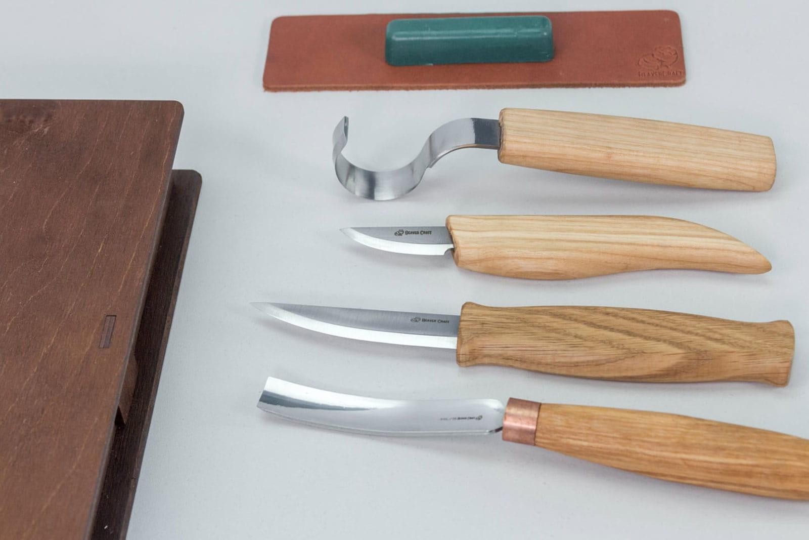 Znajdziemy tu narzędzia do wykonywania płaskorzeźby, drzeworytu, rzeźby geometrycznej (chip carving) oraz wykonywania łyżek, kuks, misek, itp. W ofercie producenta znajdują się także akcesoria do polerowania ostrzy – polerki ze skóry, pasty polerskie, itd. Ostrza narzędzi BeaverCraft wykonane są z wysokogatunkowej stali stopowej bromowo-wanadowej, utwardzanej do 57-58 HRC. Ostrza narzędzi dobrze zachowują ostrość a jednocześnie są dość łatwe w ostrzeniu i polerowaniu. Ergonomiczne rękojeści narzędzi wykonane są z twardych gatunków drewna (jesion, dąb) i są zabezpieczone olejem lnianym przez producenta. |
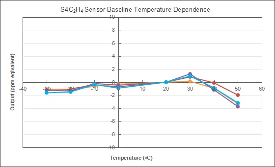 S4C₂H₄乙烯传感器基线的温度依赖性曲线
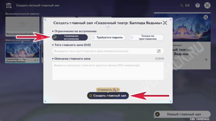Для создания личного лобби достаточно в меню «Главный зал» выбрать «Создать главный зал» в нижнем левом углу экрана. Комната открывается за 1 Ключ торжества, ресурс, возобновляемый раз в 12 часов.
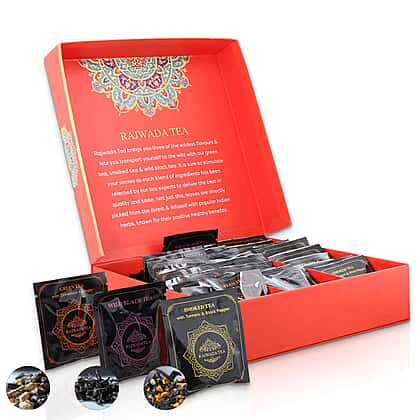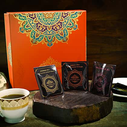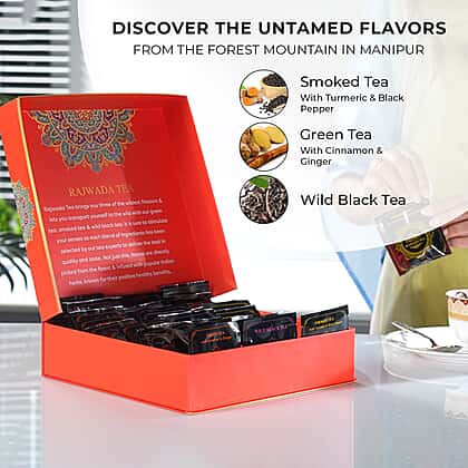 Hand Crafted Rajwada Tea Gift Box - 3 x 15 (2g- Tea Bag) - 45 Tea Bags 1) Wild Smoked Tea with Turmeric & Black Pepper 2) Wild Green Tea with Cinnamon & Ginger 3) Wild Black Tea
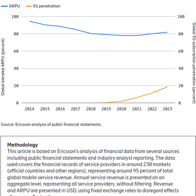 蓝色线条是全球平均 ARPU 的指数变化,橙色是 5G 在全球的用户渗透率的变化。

WORK ITEM -
Set the listing down exactly, without its pictures.

REPLY -
 Znajdziemy tu narzędzia do wykonywania płaskorzeźby, drzeworytu, rzeźby geometrycznej (chip carving) oraz wykonywania łyżek, kuks, misek, itp. W ofercie producenta znajdują się także akcesoria do polerowania ostrzy – polerki ze skóry, pasty polerskie, itd. Ostrza narzędzi BeaverCraft wykonane są z wysokogatunkowej stali stopowej bromowo-wanadowej, utwardzanej do 57-58 HRC. Ostrza narzędzi dobrze zachowują ostrość a jednocześnie są dość łatwe w ostrzeniu i polerowaniu. Ergonomiczne rękojeści narzędzi wykonane są z twardych gatunków drewna (jesion, dąb) i są zabezpieczone olejem lnianym przez producenta. |
 S4C₂H₄乙烯传感器基线的温度依赖性曲线
Для создания личного лобби достаточно в меню «Главный зал» выбрать «Создать главный зал» в нижнем левом углу экрана. Комната открывается за 1 Ключ торжества, ресурс, возобновляемый раз в 12 часов.
 Hand Crafted Rajwada Tea Gift Box - 3 x 15 (2g- Tea Bag) - 45 Tea Bags 1) Wild Smoked Tea with Turmeric & Black Pepper 2) Wild Green Tea with Cinnamon & Ginger 3) Wild Black Tea
 蓝色线条是全球平均 ARPU 的指数变化,橙色是 5G 在全球的用户渗透率的变化。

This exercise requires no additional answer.